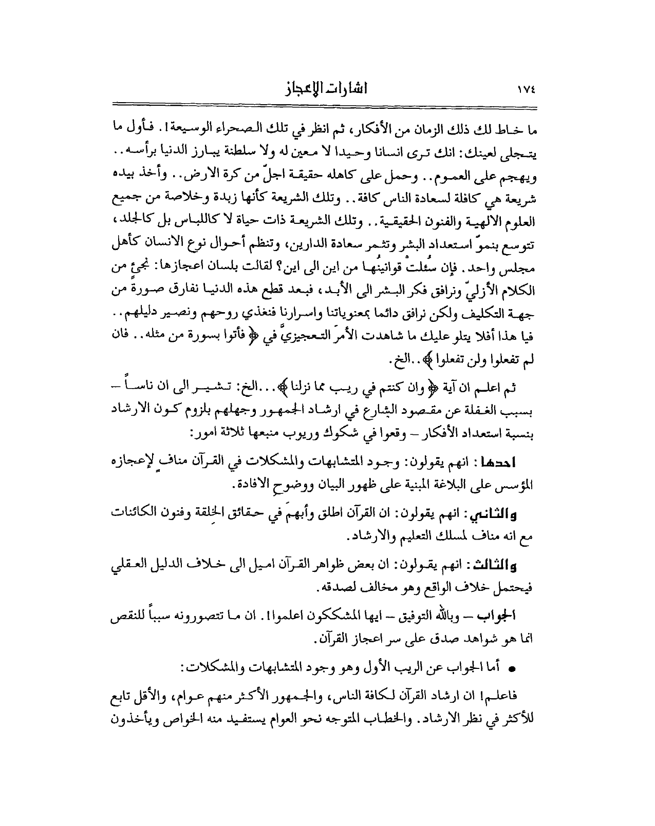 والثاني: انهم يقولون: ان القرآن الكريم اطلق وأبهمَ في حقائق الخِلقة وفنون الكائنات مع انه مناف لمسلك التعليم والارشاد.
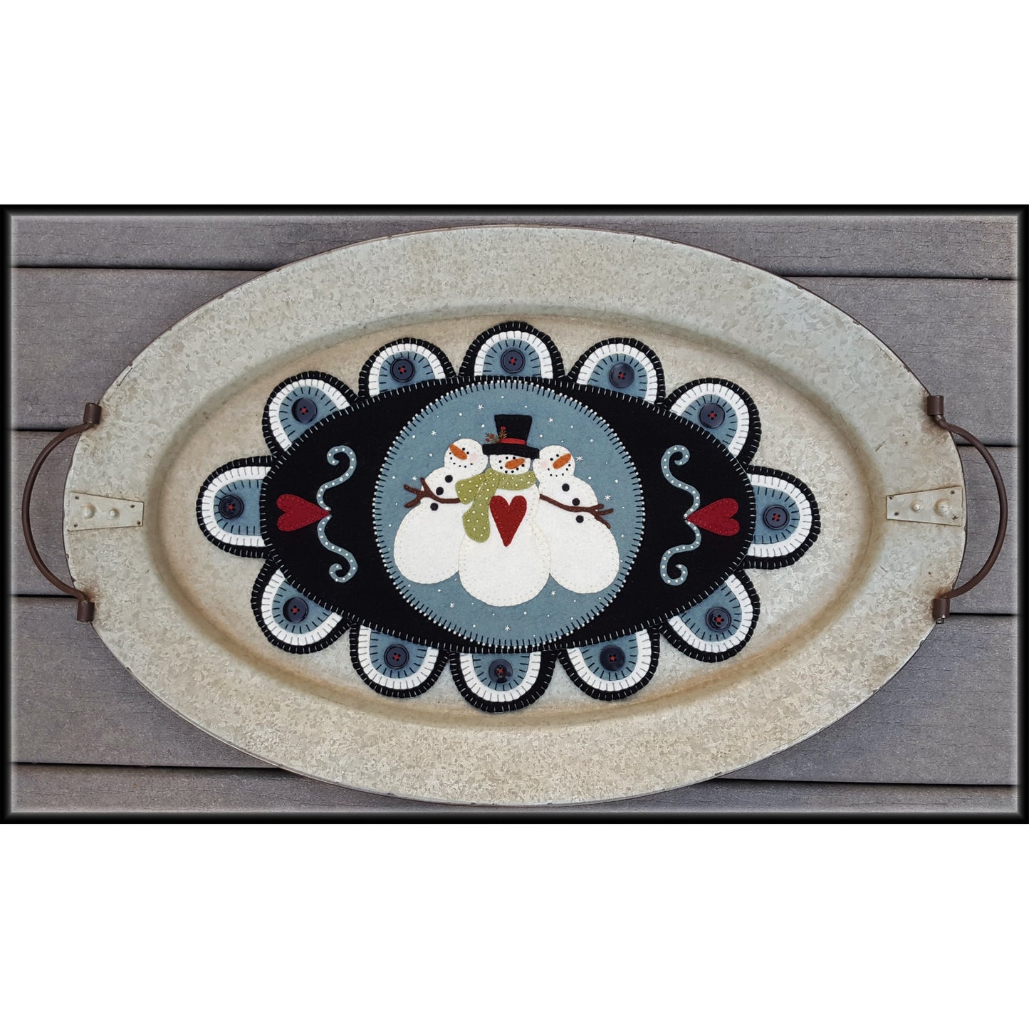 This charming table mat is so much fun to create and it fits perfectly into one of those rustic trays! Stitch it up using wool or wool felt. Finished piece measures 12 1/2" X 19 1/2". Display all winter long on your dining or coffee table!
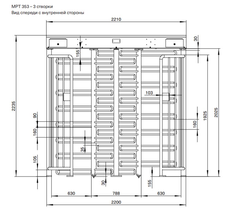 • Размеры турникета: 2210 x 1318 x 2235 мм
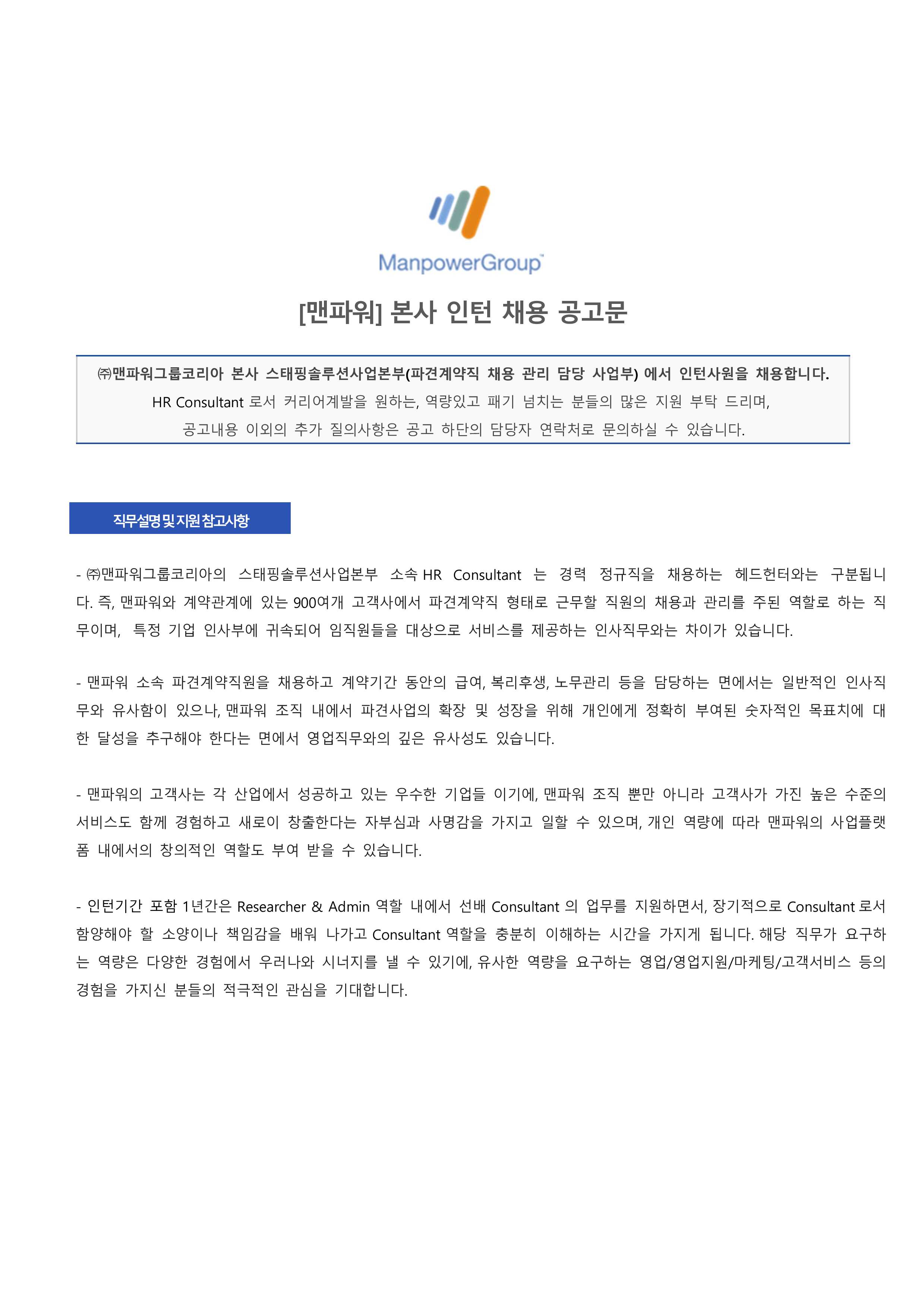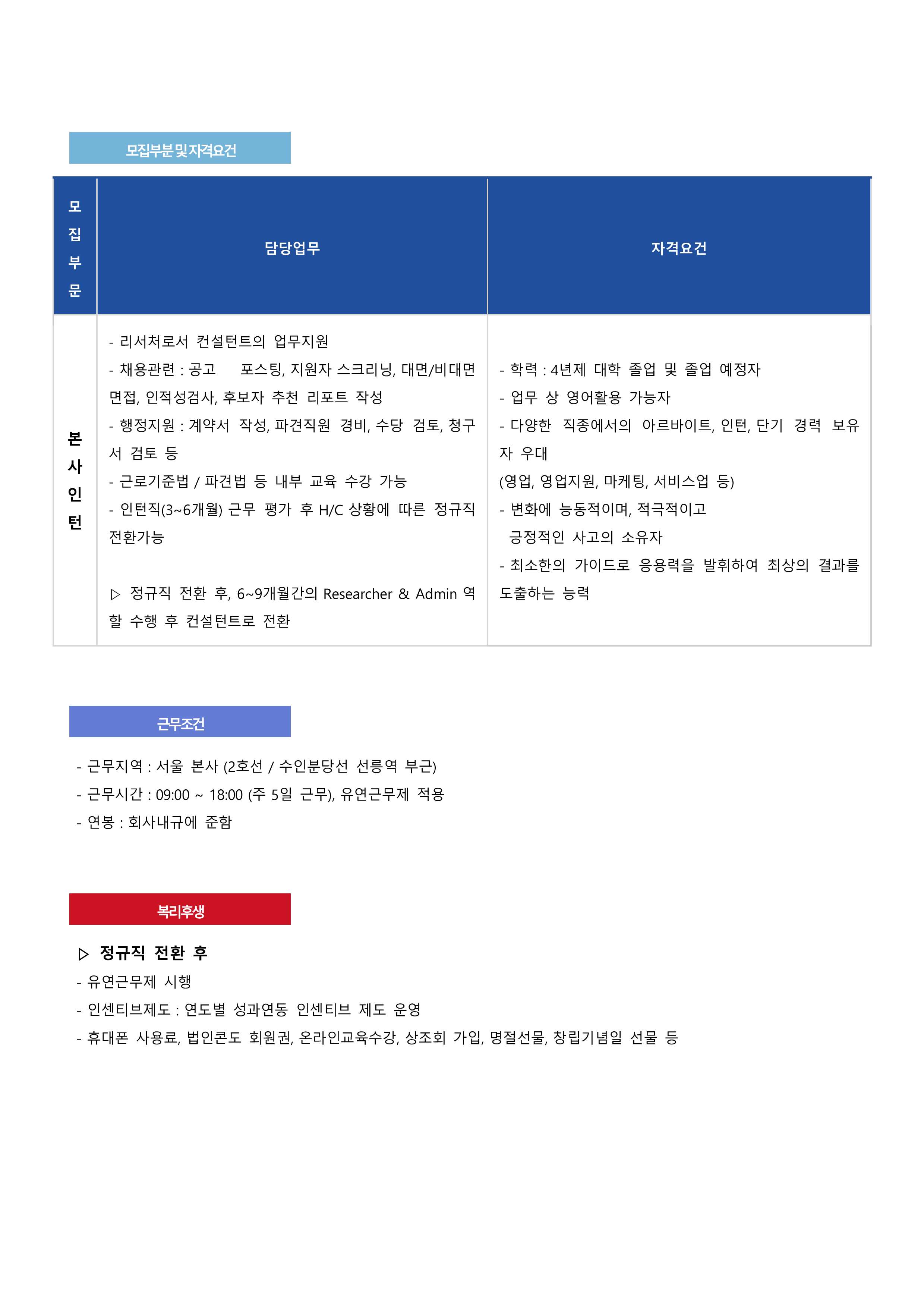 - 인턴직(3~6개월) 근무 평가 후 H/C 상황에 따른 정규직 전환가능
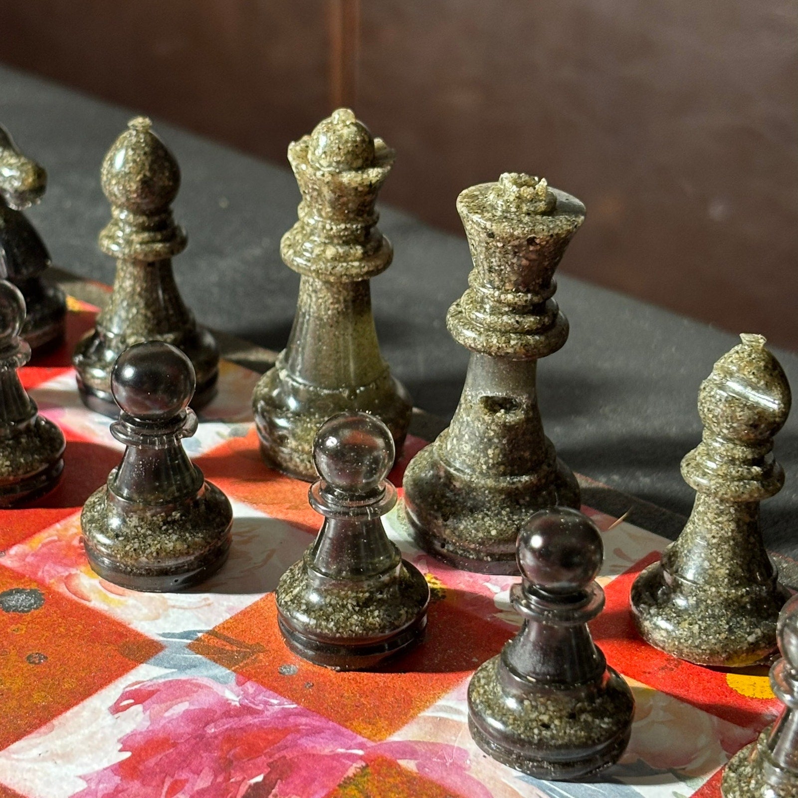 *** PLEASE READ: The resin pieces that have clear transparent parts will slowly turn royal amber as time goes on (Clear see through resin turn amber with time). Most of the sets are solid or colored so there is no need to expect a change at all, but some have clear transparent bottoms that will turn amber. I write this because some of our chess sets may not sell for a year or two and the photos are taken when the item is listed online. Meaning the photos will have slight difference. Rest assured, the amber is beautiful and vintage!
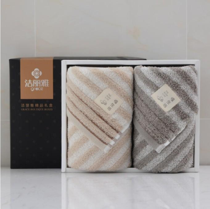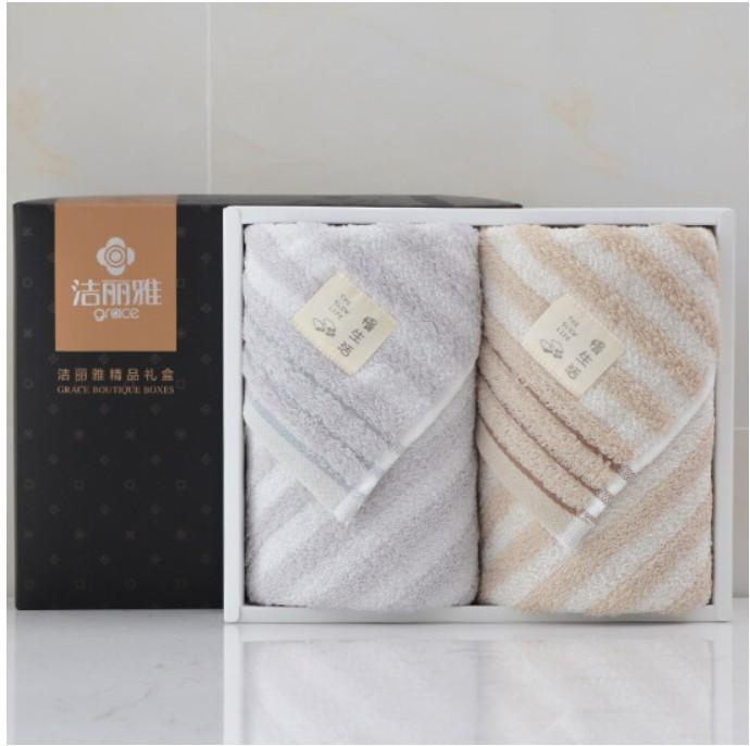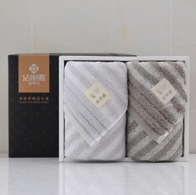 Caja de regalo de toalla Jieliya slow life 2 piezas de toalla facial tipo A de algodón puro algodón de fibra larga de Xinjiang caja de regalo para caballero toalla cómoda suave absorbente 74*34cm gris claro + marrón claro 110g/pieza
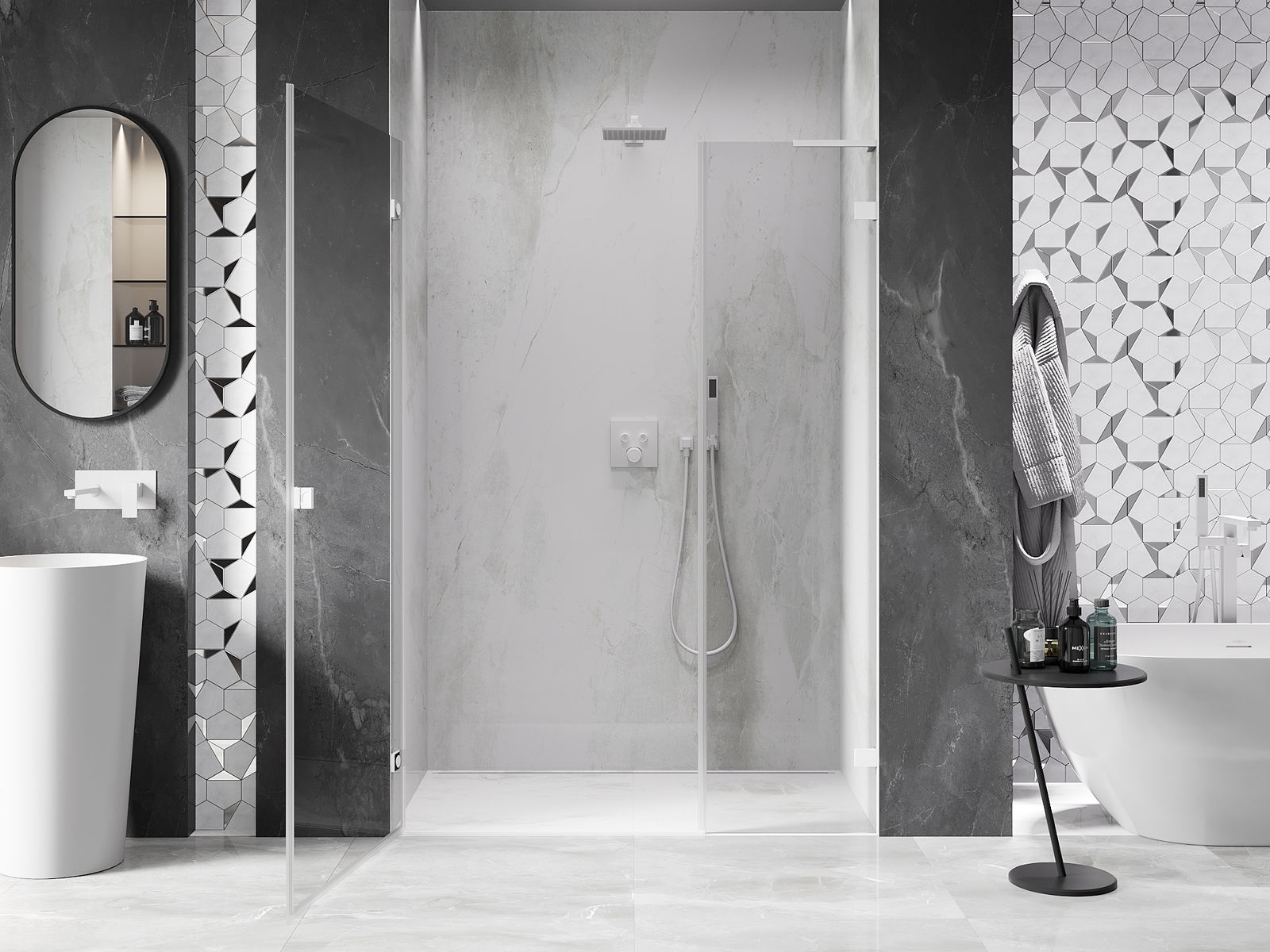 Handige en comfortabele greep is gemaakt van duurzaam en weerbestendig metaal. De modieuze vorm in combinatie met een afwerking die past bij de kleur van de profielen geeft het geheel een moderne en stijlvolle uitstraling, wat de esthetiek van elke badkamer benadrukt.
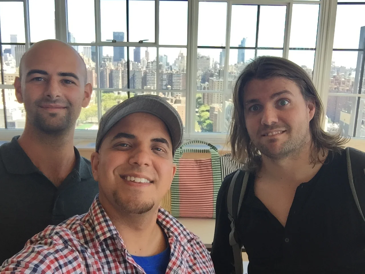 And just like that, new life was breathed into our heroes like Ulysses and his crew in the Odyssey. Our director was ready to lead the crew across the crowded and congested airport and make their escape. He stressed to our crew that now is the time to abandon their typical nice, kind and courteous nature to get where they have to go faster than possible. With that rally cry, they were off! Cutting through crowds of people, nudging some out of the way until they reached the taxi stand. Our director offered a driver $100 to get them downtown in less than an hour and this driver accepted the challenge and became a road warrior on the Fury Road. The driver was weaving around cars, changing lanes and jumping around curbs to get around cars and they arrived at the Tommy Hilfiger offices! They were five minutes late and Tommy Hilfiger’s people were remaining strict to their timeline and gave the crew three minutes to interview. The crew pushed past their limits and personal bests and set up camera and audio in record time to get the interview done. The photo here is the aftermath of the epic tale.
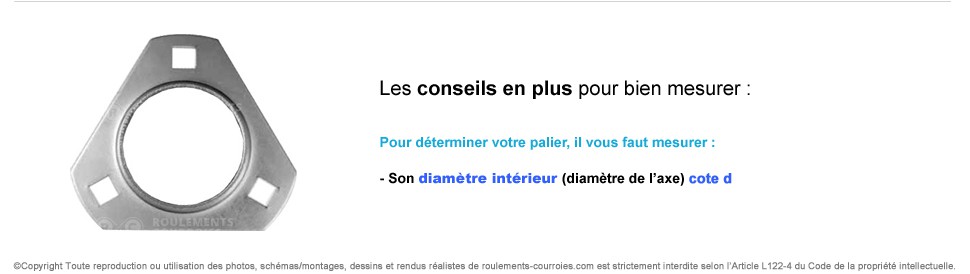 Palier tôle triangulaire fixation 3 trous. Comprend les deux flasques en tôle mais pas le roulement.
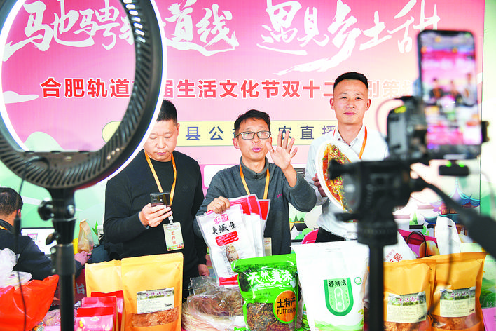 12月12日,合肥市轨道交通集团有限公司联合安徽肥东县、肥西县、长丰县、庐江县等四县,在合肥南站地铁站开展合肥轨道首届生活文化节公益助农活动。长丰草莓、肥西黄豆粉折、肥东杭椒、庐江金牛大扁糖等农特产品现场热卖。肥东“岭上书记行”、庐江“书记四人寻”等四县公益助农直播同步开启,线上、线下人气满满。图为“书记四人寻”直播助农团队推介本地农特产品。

++++

• Task brief: From the opening line of the entries above to the line containing "- 인턴직(3~6개월) 근무 평가 후 H/C 상황에 따른 정규직 전환가능", please transcribe each line exactly, skipping every picture.

• Exercise response:
 والثاني: انهم يقولون: ان القرآن الكريم اطلق وأبهمَ في حقائق الخِلقة وفنون الكائنات مع انه مناف لمسلك التعليم والارشاد.
 This charming table mat is so much fun to create and it fits perfectly into one of those rustic trays! Stitch it up using wool or wool felt. Finished piece measures 12 1/2" X 19 1/2". Display all winter long on your dining or coffee table!
 • Размеры турникета: 2210 x 1318 x 2235 мм
 - 인턴직(3~6개월) 근무 평가 후 H/C 상황에 따른 정규직 전환가능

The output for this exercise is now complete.